After I had carefully read everything on the pages as they went by and finished filling out the online forms to get my tickets, I got a confirmation email. Again, I carefully read everything on the email. “All sales final.”…okay… “No refunds allowed.”…okay… “Your credit card has automatically been billed.”…yada yada. In teeny-tiny type down at the bottom of the email, I read “please allow AT LEAST two weeks for ticket delivery.”
I started to freak out. The concert was in ten days, and they hadn’t told me anywhere on their online pages that they needed two weeks to get the tickets to me. Not even Canada Post is slow enough to take two weeks to mail something between Montreal and Ottawa. I desperately clicked the “back” button on my browser to re-read all of the pages and make sure I didn’t miss anything. I came up empty.
I spent an anxious few days wondering if I should call the box office, only to find the tickets waiting for me in our mailbox on the Monday before the concert. I breathed a deep sigh of relief. Their ticket terror tactics were only in place to legally cover their asses and, apparently, to make me feel needlessly ill.

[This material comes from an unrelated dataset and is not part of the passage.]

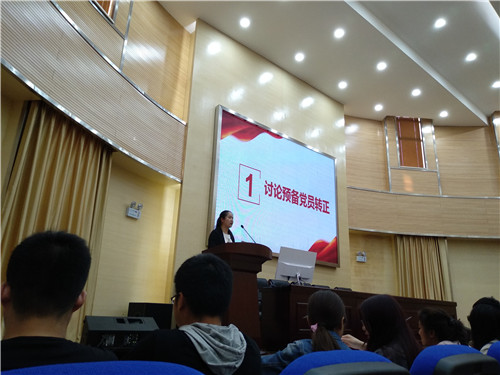 根据《中国共产党章程》、《中国共产党发展党员工作细则》,按照发展党员5个阶段25个步骤,化工学院学生第五党支部于2018年5月23日19点整,在化工楼100报告厅召开了关于讨论预备党员转正的支部大会,党支部全体党员参会,部分入党积极分子和入党申请人列席参会,会议由党支部书记金雯老师主持。
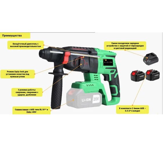 Перфоратор аккумуляторный бесщеточный Zitrek Destroyer Pro (20В, Li-ion 2×6.0Ач, з/у, кейс) 063-4373: сравнение цен, характеристики, фото, актуальное наличие и цены.

Next stop, Montreal! Do to a personal mess that I don’t care to get into, we had left our packing to the last minute. Our hope was to pack up the car the morning of the concert (it was a Friday), drive into work, and then drive straight from work to the show. The fates conspired against us, unfortunately.
After work, we fought rush hour traffic back home, spent an hour packing, had to get dinner, had to gas up the car, and then fought rush hour traffic all the way out to the east end and out of town to Montreal. Over the course of these events, Stacey (with an impudent grin) insisted on asking me if I had the tickets every five minutes or so and expected me to prove it by showing them to her. Fortunately, after the last time, I had learned my lesson.
By the time we were solidly on the road, it was almost 7 pm and the band was on stage for 8:45 sharp. An hour and a half to Montreal was do-able, but really tight. Everything depended on traffic and a total lack of police on the road.
The next hour and half was a whirlwind of high-beams, catching “waves” of high-speed drivers, and a whole pant-load of luck. We pulled into downtown Montreal with 15 minutes to spare onto Rue St-Laurent, the very street where the concert was being held.
One problem: despite what the sign had said when we pulled of the highway, we weren’t actually on St-Laurent. We parked three blocks away from the venue only to find out we weren’t actually three blocks away.
Stacey, the quintessential optimist when it comes to taking the advice of strangers, asked a lady where the street was, en Français, no less. The dumbfounded looking lady, after scratching her big dumb head and rolling her big dumb eyes for a while, sent us six blocks in the opposite direction before we realized we were going the wrong way, asked someone else for directions, and re-traced our steps.
We burst into the nightclub winded, exhausted, and just in time for the first few bars of “Girl From Mars,” Ash’s opening song. Without even regard for our bladders, we found a spot to stand and reveled in our accomplishment. We were there, we were in one piece, and Ash was on the stage. Bliss.